In 2005, the Bush/Cheney Energy Policy Act exempted natural gas drilling from the Safe Drinking Water Act via a provision known as the ‘Halliburton Loophole’, which sidelined the US Environmental Protection Agency (EPA) and meant the chemicals used during fracking did not need to be disclosed.
A combination of rising gas prices, technological advances and favourable regulation has led to an explosion in shale gas extraction. In 2005 it comprised just 4 per cent of US natural gas production. By 2010 it supplied 23 per cent of the US market. That share is projected to rise to 49 per cent by 2035. Roughly half a million gas wells are now active in the US and the Energy Information Administration calculates another 410,722 may be needed to extract all the country’s technically recoverable shale gas resources.³
The surge in gas supply has been called the ‘shale gale’ and it has transformed world energy markets, tantalising the US with the prospect of energy independence, and sending US gas prices so low that electric power stations have begun switching from coal to gas – in the process, helping to lower America’s greenhouse gas emissions, which fell by 1.7 per cent in 2011.⁴
The unconventional boom caught some of the world’s biggest energy players by surprise. As recently as 2007 BHP Billiton was planning to export Australian liquefied natural gas (LNG) to California – proposing a controversial terminal off the coast of Malibu, which was knocked back by then Governor Arnold Schwarzenegger. Just five years later the US is emerging as a likely LNG exporter, competing with Australia. In 2011 BHP spent $US20 billion on takeover targets in the US, seeking a prime position on the Haynesville shale play, the country’s second largest gas field, only to incur a $US2.8 billion writedown a year later as the gas glut devalued the assets.

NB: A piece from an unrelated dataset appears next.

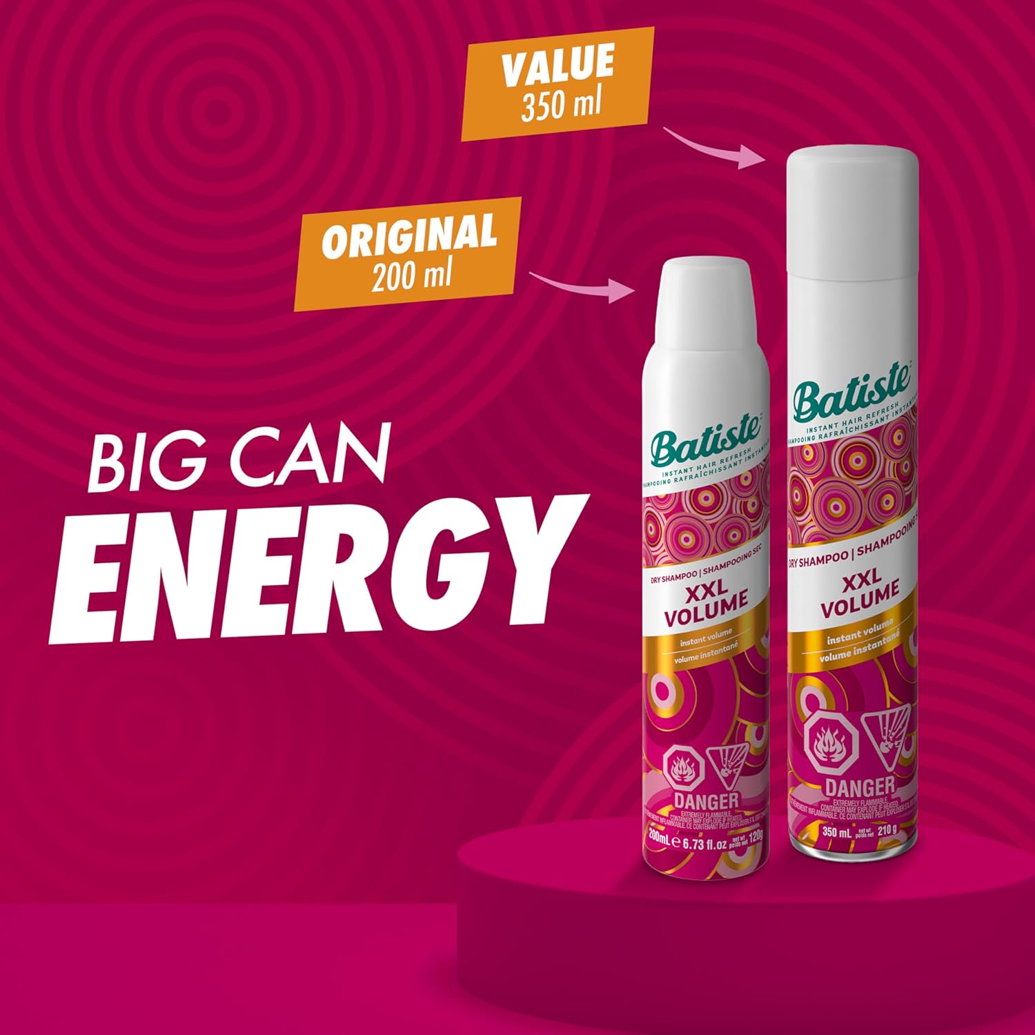 شامپو خشک حجم دهنده مو باتیست مدل XXL Stylist Volume یک شامپو خشک محبوب از برند باتیست (پرفروشترین برند شامپو خشک در انگلیس) است که به طور خاص برای افزایش حجم فوقالعاده (XXL Volume) طراحی شده است. این محصول نه تنها موها را بین شستشوها تازه و تمیز میکند، بلکه حجم و بافت زیادی به موها میدهد و مانند یک "اسپری حجمدهنده فوری" عمل میکند.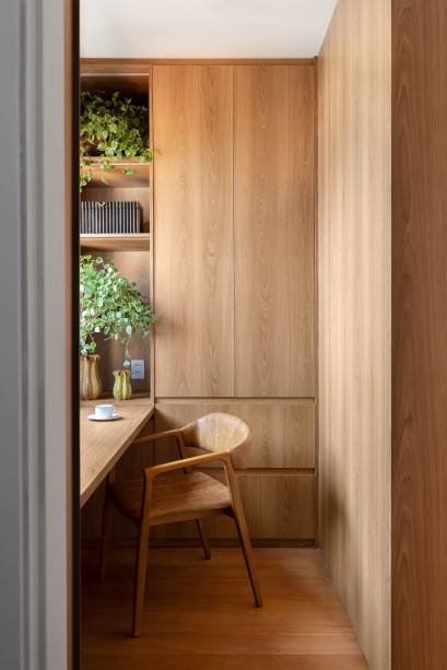 Já na ala social, um dos quartos foi revertido para ser o “cloffice” (closet + escritório) da moradora. Ali, além de muita área de armazenamento, o escritório ganhou um backoff para videocalls. Na suíte principal, tons suaves de branco e bege criam um clima relaxante e aconchegante.

Worldwide demand for gas is growing – especially after the 2011 meltdown of the Fukushima Daiichi reactor following Japan’s earthquake and tsunami put the longhyped ‘nuclear renaissance’ under a cloud. Japan will now close all its reactors by 2040, the biggest shutdown of nuclear power in history. In 2011 the International Energy Agency (IEA) forecast gas would be the world’s fastest-growing energy sector, alongside renewables, with coal use expected gradually to decline (in relative, not absolute terms). The IEA predicted global demand for gas would double by 2050, lifting its share of the world energy market from 20 to 30 per cent. Were we entering a ‘golden age of gas’, the IEA pondered? Answering its own question a year later, the IEA proposed a dozen ‘golden rules’ that would determine whether this unconventional gas would experience rapid growth, adhering to best practice and enjoying a social licence to operate, or would struggle for market share as pitched battles were fought over its environmental impacts.⁵
For as unconventional gas extraction first started in the US, so did a powerful backlash. The 2009 documentary Split Estate told the story of families in Colorado and New Mexico suffering tumours and other illnesses caused by shale gas drilling right near their homes. The film’s title highlighted the common law doctrine that holds that the rights to mineral resources underground – whether held by the state or by private companies – prevail over the rights of landowners on the surface. The same law applies in Australia.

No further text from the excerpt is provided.